Thursday, 2 April 2020

Blue: Cobalt Beauty






This is a series all about blue. What is it and why we love it? The images accompanying the text are microscopic shots, taken of my glaze tests. I've found this perspective really helps me to focus in and investigate the material, revealing new details I've never seen. Hopefully by understanding blue a little better, we can understand our own pale, blue dot a little better.


“She found Helen in her room,
weaving a large cloth, a double purple cloak,
creating pictures of the many battle scenes
between horse-taming Trojans and bronze-clad Achaeans,
wars they suffered for her sake “

The Illiad

Homer



Blue. The colour of the rich, the heavenly, the unclouded. Blue, one of the three primary colours in the holy trinity, we call visible light. Blue is the most detached and least material of all the hues. Its link to the limitless, unreachable sky connects it to the divine. The cults of the Virgin Mary fetishsized her purity by displaying her in sky-blue robes. Vishnu, the maintaining force of the universe is wrapped in a blue skin, his infinite power linked the ever-reaching sky he protects. Amun's, the Egyptian god of sun and air, blue complexion ties him to the heavenly skies he resides. Blue it special.

On the land it's rare, blue is so sparse that in many languages blues and greens have colexfied into one unanimous word. Arabic, Tibetan, Japanese are all lexicons that lack such specificity as too give blue it's own category. Persian though, Persian has 6-7 words of blue, this ancient language describes the glow of rain-clouds as turquoise stones and the rings of our eyes as lapiz rocks.

The silk road trade routes of the middle ages spread religion, disease and the love of blue. Persia became the worlds exporter of the finest cobalt. A metal mineral that when fired flashes into a rich deep hue. The Chinese branded this new pigment of choice as “Islamic blue”. For one pound of cobalt a Chinese trader would hand over three pounds of gold. Islamic blue and Chinese porcelain fused together to become the defining image we think of as “fine-china”. The purest clays of Jingdezhen paired with the most vibrant pigments of Persia. Only the greatest skilled, surgeon-like hands were trusted to decorate with this divine material. The blue, chemical flare wrapped each translucent, white vessel; a pairing so vibrant it demanded your attention. In this golden age of ceramics every pot burned with glorified beauty.

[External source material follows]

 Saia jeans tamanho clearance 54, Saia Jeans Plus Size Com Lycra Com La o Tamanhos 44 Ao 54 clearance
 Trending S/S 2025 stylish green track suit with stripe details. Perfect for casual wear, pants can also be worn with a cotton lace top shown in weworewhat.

For centuries China honed their expertise in design and practice, their ceramics eventually becoming the desire of the worlds elites. Hungry consumer base grew, swelling the corporations that could help get their fix. Fueled by greed and a unrelenting appetite these companies gorged themselves on China's finest ceramics. Being left with a hefty tab, the Europeans payed the bill with deadly opiates. Drowning in a sea of addiction China tried to go cold turkey on it's smack addiction, banning the trade of poppies. But, like a abusive drug dealer, the British replied with violence and blackmail forcing their client to keep their addiction. Bullied and bruised China had to accept it's fate when looking down the barrels of a flotilla of British warships. China was never the same after the opium wars. It's ports and national borders were violated and wedged open for the world. China has lost its agency and England had secure it's commodities. The sleeping tiger Napoleon had warned about, just had it's legs amputate, its claws removed, its body taxidermied and carcass sold to the highest bidder.

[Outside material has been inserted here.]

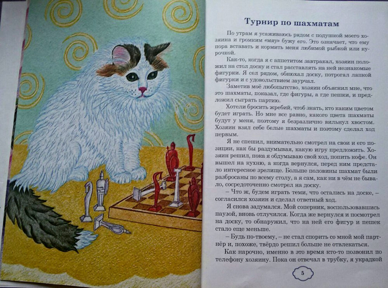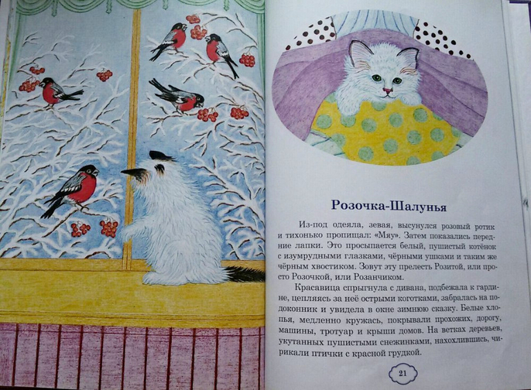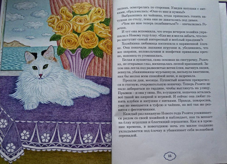 Дочка схватила книгу про котиков, она их безумно любит, а тут они просто очаровательны. А вот текст сказок меня немного озадачил. Они вроде добрые, поучительные и даже с юмором, но не затрагивают. В них больше описательно-философского, чем задорного и игривого. Но написаны сказки очень хорошим певучим языком. На слух очень приятны, читаешь и наслаждаешься интересными оборотами, неспешным, спокойным повествованием. Но ребенок особого интереса не проявил. Дочка соглашалась выслушать лишь одну сказку за вечер. Мне кажется, она не столько слушала, сколько разглядывала иллюстрации. Вот они ее точно покорили, особенно пушистые, милые котики.

China saw the beauty of blue. They honed their craft and their artistry producing an aesthetic that people didn't know they wanted, but then needed. The trade bloated the treasuries of Emperors and investment firms. The world clawed to get the newest, the finest, the most ostentatious fine-china they could exhibit. Blue was in fashion in Europe now, a trend that drove styles and market forces. China produced a beauty and quality that no-one could truly replicate. But with such beauty came lust and jealously. The British squirmed with anger, coveting their far-neighbors treasures. With a fleet spewing gunpowder and violence they took what they saw as theirs. This story of trade started on the backs of silk road camels and ended on the Cannons of British Gunboats.


Helen of Troy's beauty is said to have launched 1000 ships. How many ships I wonder have launched for the blue, beauty of Chinese Porcelain?